İşte bu soruların cevaplarını verdiğimizde Osmanlı’nın gücünün sırrını da anlayabiliriz.
Osmanlı, bir beylikken 200 yıl sonra nasıl bir imparatorluğa dönüştüğü sorusunun cevabı olarak şu nedenleri sıralayabiliriz.
1 – Kuruluş ve yükseliş dönemlerinde devlette liyakat ön plandadır. Adam kayırma, rüşvet ve yolsuzluk imparatorluğun kuruluşunda ve yükselişinde yok denecek kadar azdır
2 – Başta padişah olmak üzere tüm devlet yöneticilerinin eğitimli, donanımlı olmasına önem verilmiştir. Padişahlar, çocukluktan itibaren dönemin en iyi hocalarından ders alırlardı ve tahta çıktıklarında devleti yönetecek eğitime ve donanıma sahip olurlardı. Şehzadelik dönemlerinde sancak beyliği görevi yaparak devlet yönetiminde tecrübe kazanırlardı.
Eğitime verilen önem sadrazam ve vezirler için de geçerliydi.
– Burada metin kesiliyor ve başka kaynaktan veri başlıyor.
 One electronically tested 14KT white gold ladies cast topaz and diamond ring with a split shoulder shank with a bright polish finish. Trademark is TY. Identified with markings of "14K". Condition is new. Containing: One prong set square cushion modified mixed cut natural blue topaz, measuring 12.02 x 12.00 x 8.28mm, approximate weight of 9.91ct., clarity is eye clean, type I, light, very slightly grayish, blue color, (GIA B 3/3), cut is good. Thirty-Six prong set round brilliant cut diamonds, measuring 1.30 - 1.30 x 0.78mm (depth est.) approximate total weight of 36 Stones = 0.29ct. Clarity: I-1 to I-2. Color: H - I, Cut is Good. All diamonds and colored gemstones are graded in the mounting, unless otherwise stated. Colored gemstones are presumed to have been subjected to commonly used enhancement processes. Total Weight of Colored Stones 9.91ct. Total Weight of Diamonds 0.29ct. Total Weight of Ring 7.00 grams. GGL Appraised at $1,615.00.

Fatih döneminde kurulan Enderun, devlet yöneticilerini yetiştiren bir okuldu. Bu okulda geleceğin sadrazamları, vezirleri yetişirdi. Yani Osmanlı, devleti emanet edeceği kişiyi önce yetiştirmiş, sonra görev vermiştir. Bugünkü gibi yalakalıkla devlette mevki sahibi olmak söz konusu bile değildi.
3 – Devletin temelinde kanunların ve kurumların olması, tahta geçen padişah yeteneksiz, basiretsiz hatta akıl hastası olsa bile devleti ayakta tutmuştur.
Eğer Osmanlı’nın temelinde kanun ve kurumların gücü değil de sadece padişahın iradesi olsaydı devlet, deli İbrahim’in 8 yıllık saltanatına dayanabilir miydi? Düşünün, devlet bir akıl hastasının yönetiminde 8 yıl idare edilmiş ancak yıkılmamıştır. Çünkü padişah akıl hastası olsa da arkasında devleti yönetecek sağlam bir Divan-ı Hümayun ve bağımsız bir yargı vardı.
Kuruluş ve yükseliş dönemlerinde imparatorluğun sahip olduğu bu nitelikler, duraklama ve gerileme dönemlerinde tam tersine döndü.
Şehzadelerin sancağa çıkmasının yasaklanması, tahta çıkana kadar sarayda bir kafes hayatı yaşaması padişahların devlet yönetme becerilerini zayıflattı. Hiçbir tecrübesi olmayan padişahlar tahta oturdu. Bazıları tahta geçtiğinde çocuk yaştaydı. Bazıları ise sarayda ölüm korkusu yaşamaktan akli dengesini yitirmişti. Bu nedenle Fatih, Yavuz, Kanuni gibi padişahları üst üste yetiştiren devlet, bir daha bu çapta bir padişah yetiştiremedi.
Devleti yönetme becerileri ve donanımları zayıflayan sadece padişahlar değildi. Enderun eğitimi de yozlaştı. Devlette liyakat değil yalakalık ve rüşvet ön plana çıktı. Rüşvetini ödeyen, padişaha yalakalık yapan herkes bir mevki sahibi olabiliyordu. Bu yozlaşma zamanla yargıya da bulaştı ve devleti ayakta tutan adalet, sarsıldı. Kadılar kanunlara göre değil aldıkları rüşvete göre hüküm vermeye başladı
Tüm bu yozlaşmanın sonucu ne oldu?
Bir zamanlar, Viyana kapılarına dayanan imparatorluk, kurulduğu Anadolu topraklarını bile kaybetti. Neyse ki Allah, Türk milletine bir Mustafa Kemal nasip etti de vatanımızı kurtarıp yeni bir devlet kurabildik.
Şimdi Osmanlı ile günümüzü kıyaslayarak referandum sonucunun bizi Osmanlı’ya mı yoksa başka yere mi götüreceğini görelim.
Bugün Osmanlı’daki gibi bir yargı bağımsızlığından söz edebilir miyiz? Hayır
Bugün devlet kurumlarının Cumhurbaşkanı’nın iradesinden bağımsız olarak güç sahibi olduğunu söyleyebilir miyiz? Hayır
Bugün, Osmanlı’daki Sokullu Mehmet Paşa, Çandarlı Halil, Pargalı İbrahim gibi güç ve irade sahibi bir Başbakan var mı? Hayır.
Bugün Türkiye’de Osmanlı adaletinin uygulandığını söyleyebilir miyiz? Hayır
Bugün devlette liyakat esas mıdır? Hayır.
O halde böyle bir sistem bizi Osmanlı’ya nasıl geri döndürecek söyler misiniz? Bu şartlarda döneceğimiz dönem Osmanlı’nın yükselişi değil yıkılış dönemi olacaktır.